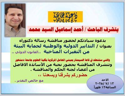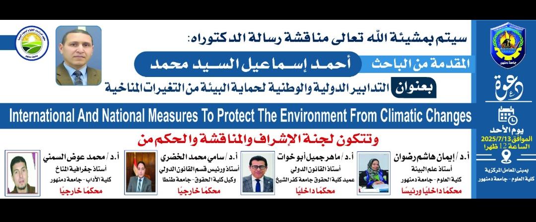 التدابير الدولية والوطنية للحماية من التغييرات المناخية القانون الدولي عنوان رسالة الدكتوراة التى تقدم بھا الباحث احمد اسماعيل السيد مدير ادارة المجالس بديوان عام محافظة كفر الشيخ بجمهورية مصر العربية وتتكون لجنة الإشراف والمناقشة من الأستاذ الدكتور سامى محمد عبد العال السكنى أستاذ القانون الدولي جامعة طنطا الاستاذ الدكتور محمد عوض السكنى أستاذ الجغرافيا المناخية ورئيس قسم الجغرافيا الأسبق جامعة دمنھور المشرفين على الرسالة الأستاذ دكتور إيمان هاشم رضوان أستاذ علم البيئة ــ كلية العلوم جامعة دمنهور الاستاذ الدكتور ماهر جميل أبو خوات أستاذ القانون الدولي وعميد كلية الحقوق جامعة كفر الشيخ مناقشة الرسالة بقاعة السيمينار بمنبى المعامل المركزية بكلية العلوم جامعة دمنهور.
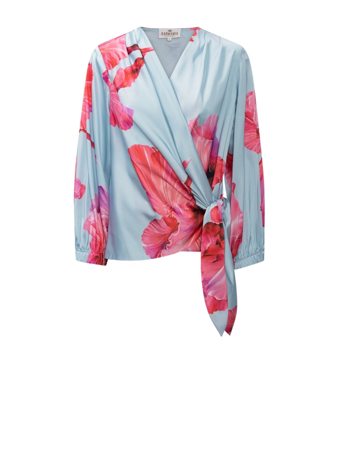 ❤︎ Smuk bluse fra Karmamia med slå om effekt og lange ærmer med elastik ved håndleddet. Elena blusen er fastsyet i den ene side og har et ekstra lag, som giver en flot slå om effekt. En virkelig skøn og feminin bluse i en smukt skinnende satin kvalitet.
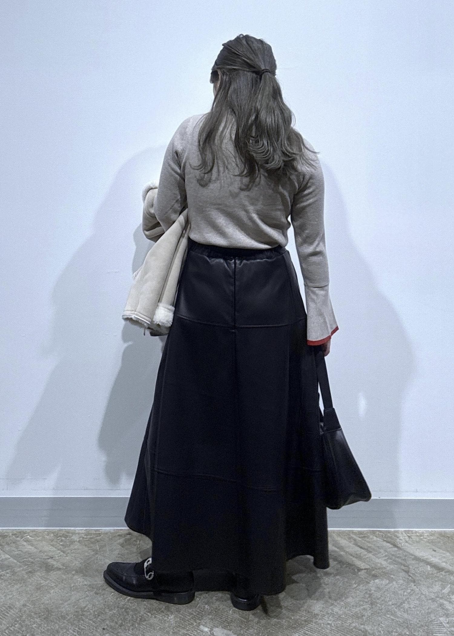 気回し抜群のフレアスリーブニットプルオーバーと高みえ抜群スカートと合わせて大人フェミニンに!
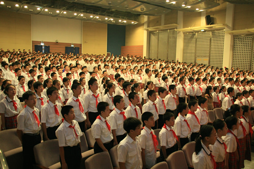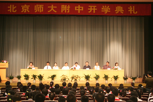 新学年开学的第一天,学校举行了隆重的开学典礼。中共宣武区委书记唐大生,宣武区教工委书记郑然。学校领导刘沪校长、王玉清、王莉萍、李敏副校长、许建勇副书记、校长助理梁原草、工会主席兼交流中心主任全力老师在主席台就座。会议在庄严的国歌声中开始,刘沪校长首先发言,附中新、老生代表发言时表示:新的九月,应有新的激情,新的昂扬,新的梦想!在新的一年里为理想脚踏实地地努力奋斗,尽情书写人生。最后,区委唐书记讲话勉励附中学子,发奋学习,报效国家。
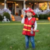 Vi fik dette brandmandsæt til Halloween, og vores søn var begejstret. Ingen besvær med at tage vesten på, og den kløede slet ikke.
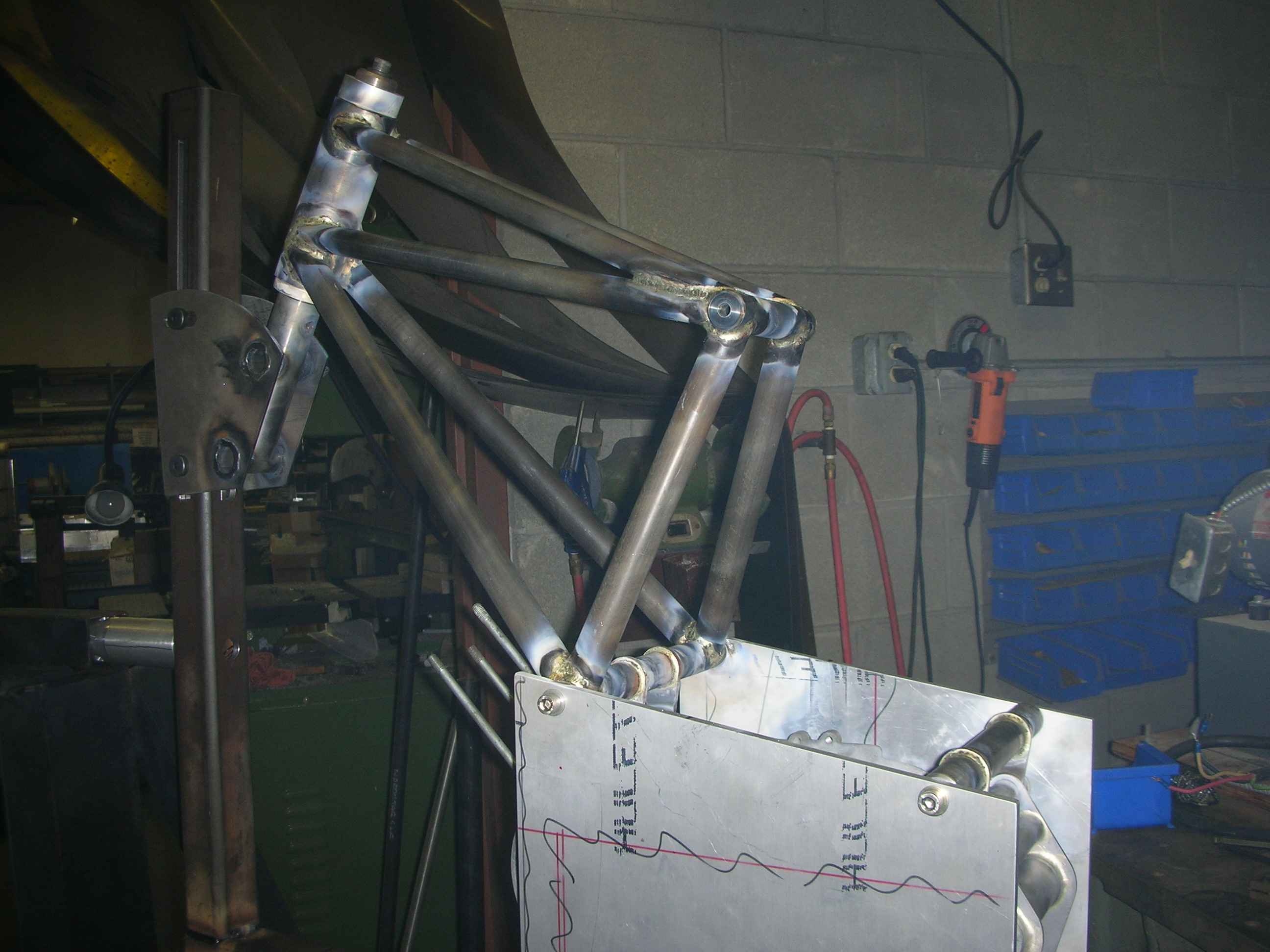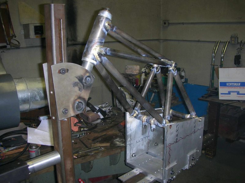 Pictures as I was building it. I used 1",3/4" and 5/8" tubing brazed with Eutectic 16 rod. I like the look of large tubes but could have made it with all 3/4" and 5/8" and it would have been strong enough. | |||

# Assignment:
Copy exactly, and only, the lines from the first entry through the line holding "気回し抜群のフレアスリーブニ", both ends included, leaving out every picture.

# Answer area:
 التدابير الدولية والوطنية للحماية من التغييرات المناخية القانون الدولي عنوان رسالة الدكتوراة التى تقدم بھا الباحث احمد اسماعيل السيد مدير ادارة المجالس بديوان عام محافظة كفر الشيخ بجمهورية مصر العربية وتتكون لجنة الإشراف والمناقشة من الأستاذ الدكتور سامى محمد عبد العال السكنى أستاذ القانون الدولي جامعة طنطا الاستاذ الدكتور محمد عوض السكنى أستاذ الجغرافيا المناخية ورئيس قسم الجغرافيا الأسبق جامعة دمنھور المشرفين على الرسالة الأستاذ دكتور إيمان هاشم رضوان أستاذ علم البيئة ــ كلية العلوم جامعة دمنهور الاستاذ الدكتور ماهر جميل أبو خوات أستاذ القانون الدولي وعميد كلية الحقوق جامعة كفر الشيخ مناقشة الرسالة بقاعة السيمينار بمنبى المعامل المركزية بكلية العلوم جامعة دمنهور.
 ❤︎ Smuk bluse fra Karmamia med slå om effekt og lange ærmer med elastik ved håndleddet. Elena blusen er fastsyet i den ene side og har et ekstra lag, som giver en flot slå om effekt. En virkelig skøn og feminin bluse i en smukt skinnende satin kvalitet.
 気回し抜群のフレアスリーブニットプルオーバーと高みえ抜群スカートと合わせて大人フェミニンに!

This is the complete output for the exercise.